Глава 6

Участок находился на первом этаже панельной пятиэтажки. Неприметная табличка извещала, что здесь и есть участок милиции пятого Кировского отдела города Иркутска. Скучный казённый коридор, стены, снизу окрашенные зелёной краской, сверху побеленные. На полу вышарканный линолеум. Стенд «Их разыскивает милиция» с помятыми и откровенно пролетарскими рожами. Табличка на дверях кабинета: «Участковый уполномоченный милиции старший лейтенант Скретнёв Николай Фёдорович». Скромный кабинет участкового — стол, стулья, шкаф. И пианино, старое, благородного чёрного цвета, с позолотой, подсвечниками и двумя ножками. Внезапно.

— Играете? — спросил я на входе. Не удержался.

— По наследству досталось от прежних жильцов, — не отрываясь от писанины, сообщил участковый.

Мне стало стыдно. Наверное я не первый, кто об этом спрашивает. А скорее всего, его давно задолбали этим вопросом.

— А, это вы, — оторвался наконец от работы хозяин кабинета. — Пришли? Молодцы. Садитесь. Как самочувствие?

— Нормально.

— Ну и хорошо. Продолжим разговор? Ну так что привело вас в тот дом? Причём дважды.

— У нас на учёбе…

— Стоп. Давайте без вранья. Я запросил вашу учебную программу, не было никаких мифических заданий на тему деревянной архитектуры.

— Ну не было.

— Тогда что?

— А ругаться не будете?

— Вот этого обещать не могу.

— Да и ладно. Клад мы искали.

— Клад, значит. И как, нашли?

— Нашли, — потрогал я порезанную щёку. — На свою голову.

— Немножко не то, ага? — подмигнул участковый. — Вы же взрослые ребята. Понимаете, что могло закончиться не так весело?

— Очень хорошо понимаем.

— И что в центре города могли пострадать люди.

— Зато мы человека спасли, — не выдержал Лёха.

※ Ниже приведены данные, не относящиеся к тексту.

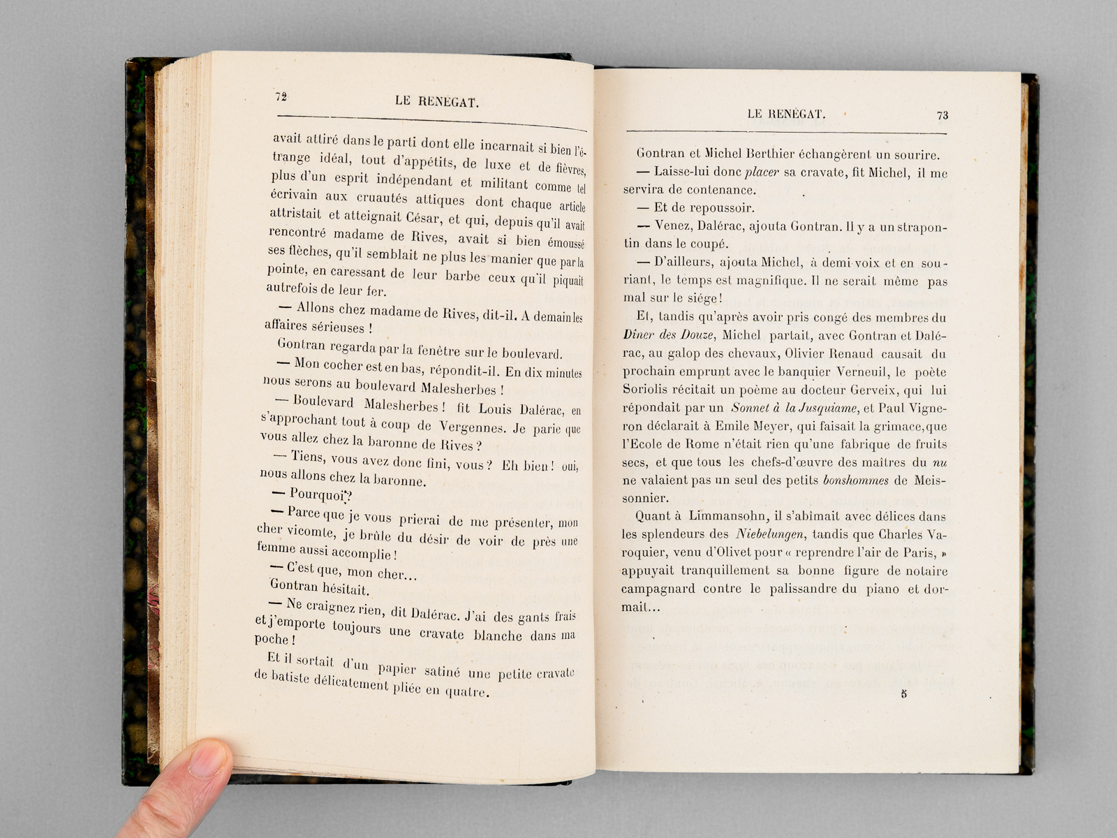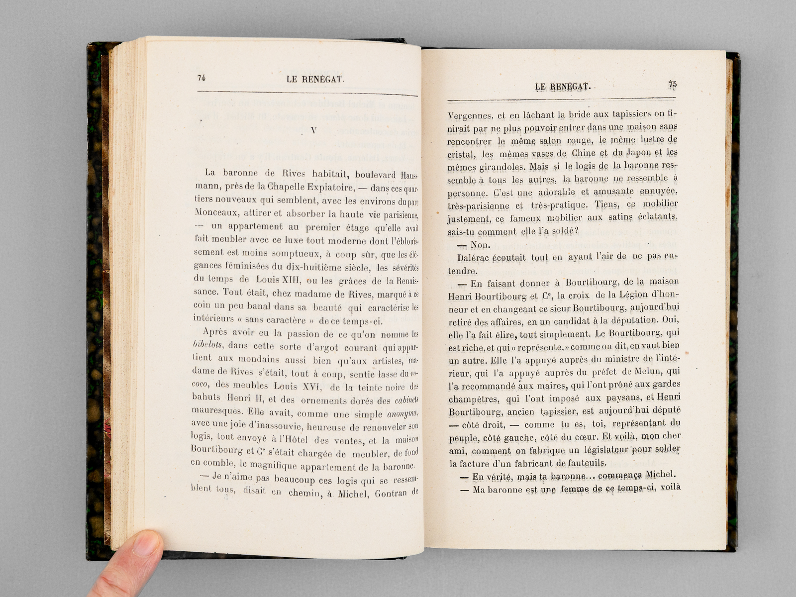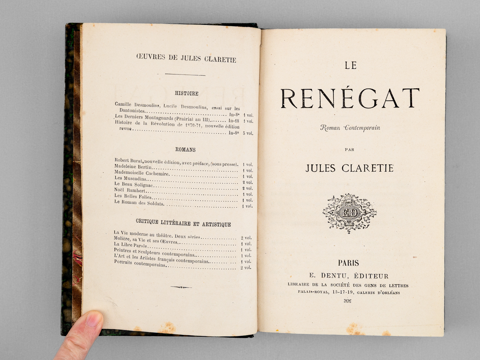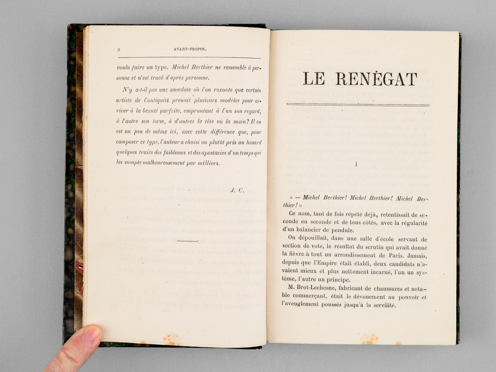 1 vol. in-12 reliure de l'époque demi-chagrin vert, dos à 5 nerfs dorés, E. Dentu, Paris, s.d. [1876 ], 438 pp. Commentaire : Bon état (qq. rouss.) pour l'édition originale de cette étude de moeurs politiques, décrivant l'ascension fulgurante et la chute morale de Michel Berthier, jeune avocat ambitieux élu député de Paris sous le Second Empire. Porté au pouvoir par le parti libéral et les classes populaires, il incarne l'espoir d'une opposition ferme face au régime impérial, mais trahit ses électeurs comme ses amours...

— Справедливо. Не окажись вы в тот день в доме, гражданин Слизко погиб бы.

— А он выжил?

— Жив. В третьей Кировской больнице на лечении. В связи с чем объявляю вам благодарность за спасение человеческой жизни.

— Было бы кого спасать.

— Зря вы так, ребята. Любая жизнь ценна. А с гражданином Слизко провели беседу. Рассказали, что спасли его совершенно случайно. Обещал встать на путь исправления. А мы ему поможем, верно?

— Э-э-э… ну да, — пожали мы плечами.

Если советскому обществу так уж необходим вконец опустившийся пропойца, кто мы такие, чтобы быть против?

— Было бы очень хорошо, чтобы вы взяли над ним шефство. Навестили в больнице, по хозяйству помогли…

Вот не зря у него пианино стоит! Я прямо чувствовал, что участковый, в кабинете у которого стоит пианино, не может быть обычным советским ментом. Он просто обязан быть хитрозадой сволочью. Я понимаю, что ему как участковому, Андрюха-алкаш портит всякие показатели и графики. И очень понимаю нежелание самому возиться с проблемным гражданином. Но млять! С какого ляду это должно стать нашей заботой?

— Так что, договорились? Сходите, пусть он посмотрит, какие замечательные ребята спасли ему жизнь.

— И что же мы ему скажем?

— Расскажете, как решили найти клад, как вам подсказали, что в этом доме… кстати, кто подсказал вам про клад?

Всё-таки мент он и в стране Советов мент. Зубы нам заговаривает, а сам в свою сторону клонит. Совсем за дураков нас считает.

— Никто, в старых газетах вычитали, что на этой улице шли ожесточённые бои в Гражданскую. А то, что белочехи много советского золота присвоили, и так известно. Мы и по другим домам пройтись хотели. В этом просто не было никого, поэтому с него начали.

— Ребята, ну теперь-то вы поняли, что затеяли опасное дело?

— Поняли, — вздохнули мы, потупив глаза.

Не выдать бы себя ненароком. А то ещё заподозрит неладное.

— Жалеете, что клад не нашли?

— Жалеем, что разведку не провели, сведения не собрали. Летом хотели с экспедицией от факультета пойти. Так, чтобы не просто, а полезными быть.

— Экспедиция — дело хорошее. А сведения пока на бумаге собирайте. И давайте без самодеятельности. Договорились?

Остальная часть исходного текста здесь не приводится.